As smoke filled the skies over Portland during the Riverside and Beachie Creek fires in 2020, scientists from Pacific Northwest National Laboratory gathered their air quality equipment to get a closer look at the air inside homes.
What the scientists found could help people keep the air inside their homes cleaner, even as wildfire smoke season gets longer in the Pacific Northwest.
“We found that even with a completely shut home, we still had really high penetrations of particulate matter indoors,” said Chrissi Antonopoulos, a senior analyst with Pacific Northwest National Laboratory.
For a little more than a week, scientists set up air quality monitors inside and outside a home in Portland.
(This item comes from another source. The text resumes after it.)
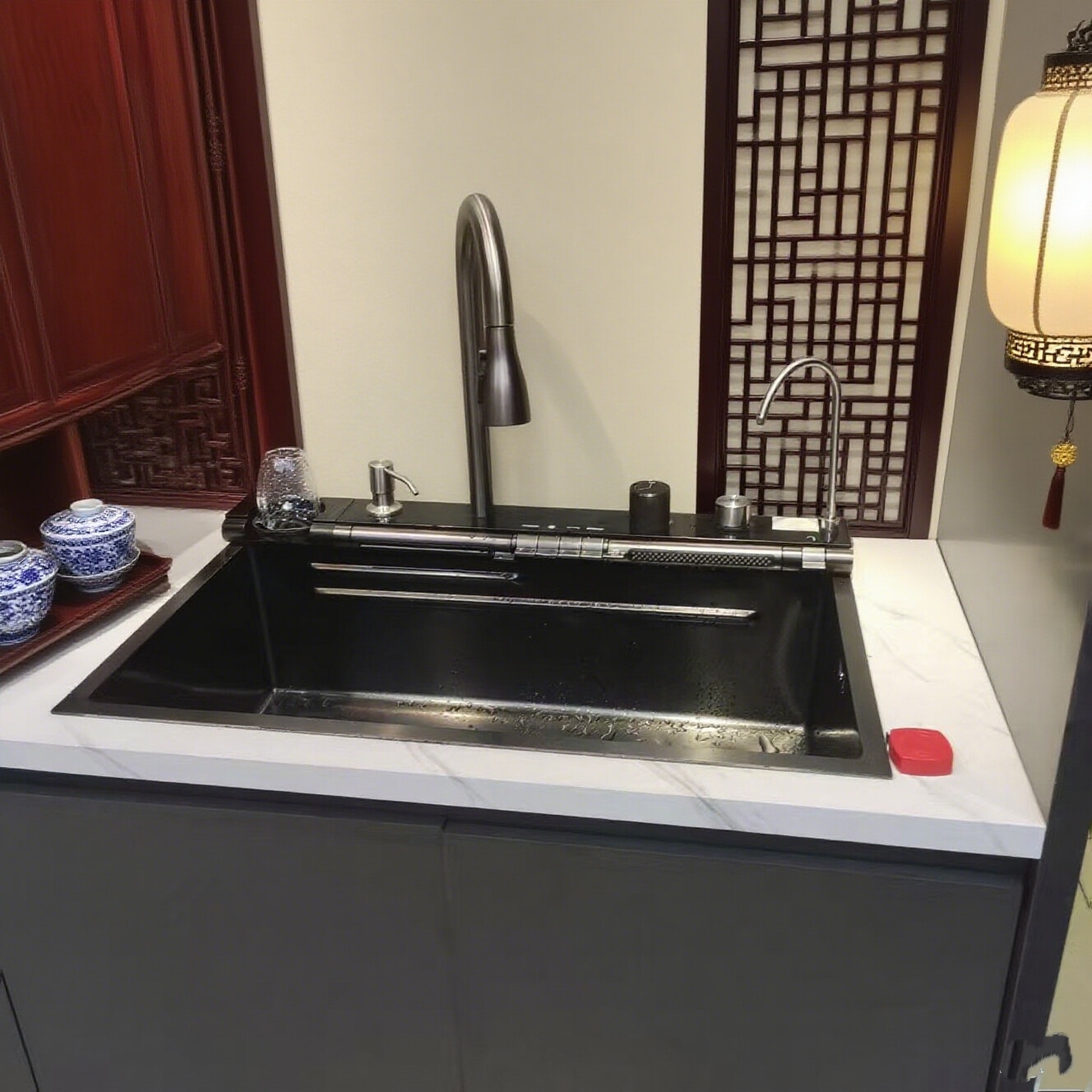 High-Arc Faucet Double-Bowl Kitchen Sink 900*550*230mm Large-angle water outlet

The monitoring stations collected data every two minutes.
For a few days that summer, Portland earned the distinction of the city with the most polluted air in the world.
The people inside the home, which was built in 1928, kept all their windows closed and avoided cooking or other activities, such as burning candles, that increase air pollution indoors.
However, the smoke particles found their way inside.
The scientists looked at the ratio of pollution outside to pollution inside, which peaked at almost 80%, Antonopoulos said.
“The old housing stock that we have here is not adequate to protect us from either extreme heat or large scale pollution events from wildfires,” she said. “Our housing is old and leaky.”
When the scientists added a portable air cleaner with a HEPA filter to the home, the inside air quality dramatically improved, Antonopoulos said. However, the air quality still showed unhealthy particulate levels.